How to make airports more efficient

You stare at your watch.

Why didn’t I leave earlier?

This car can’t go fast enough.

You make a quick internal calculation. If I sprint rather than walk from my car to the shuttle bus, I might save one minute.

Wait. What if there’s no shuttle bus there?

One airport can make a minor change to make our lives easier.

Oh, brother; this is going to be cutting it close. Why did I keep hitting the snooze button?

The frenetic race from car to runway is one that many of us have endured. It’s an episode that introduces stress, panic and accelerated heart rates.

So why are airports doing something to worsen this process? It’s their signs: obtuse rather than helpful.

As you speed to the airport, you are greeted with two overhead signage options if you are dropping someone off or picking them up:

  1. Ticketing Curb – Checkin
  2. Passenger Pick up – Baggage Claim

Wouldn’t an image of a plane landing or a plane taking off be more straightforward?

Or the common: Arrivals and Departures?

Why make me think more than I need to during a potentially harried time?

I love airports. I find it fascinating, mesmerizing to wonder where people are going and why they are going there. I’ve had some of the most interesting conversations with people that I’ve met in airports.

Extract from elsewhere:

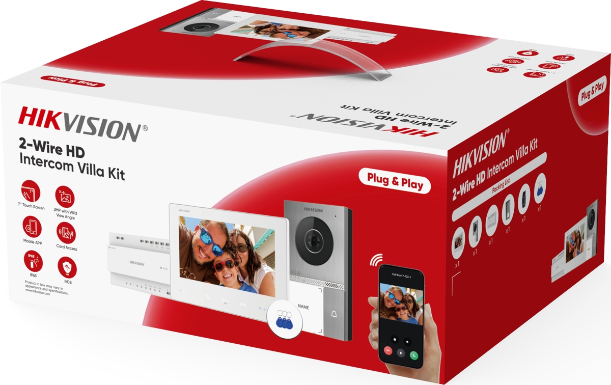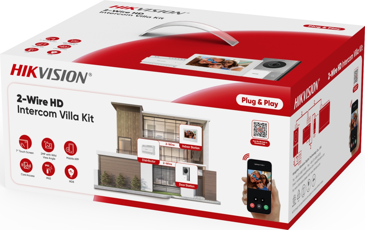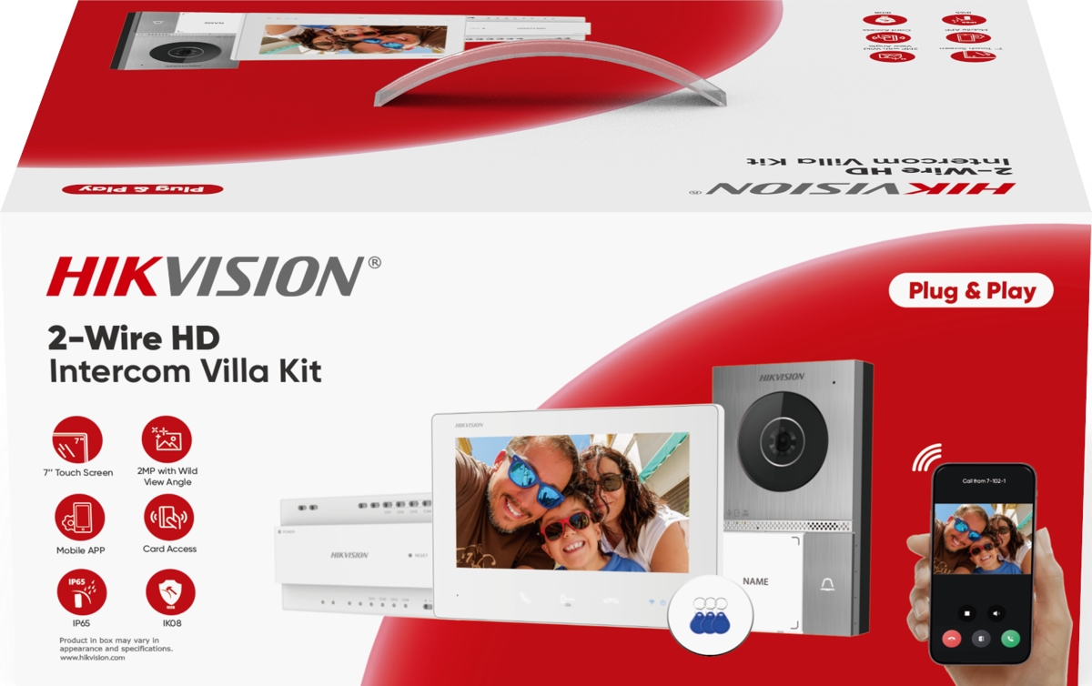 The DS-KIS705EY pre-configured video intercom kit is suitable for homes and small businesses. You can use existing 2-wire cabling to install the kit. Thanks to the Hik-Connect app, you can communicate with the door station and receive video calls anytime, anywhere.

Airports, however, are a place where loved ones leave their mates. Children fly off without their parents. Job seekers nervously interview at places far away from home. These are separation moments filled with anxiety, tension.

Sure, it’s a small thing to change a sign. What will it matter? Focusing on the small things will yield big things. A change here, a tweak there, and voila: a tireless focus on the customer.

Meet the customer where he or she is: tired, busy, overworked. Show them pictures to communicate messages in the simplest of terms.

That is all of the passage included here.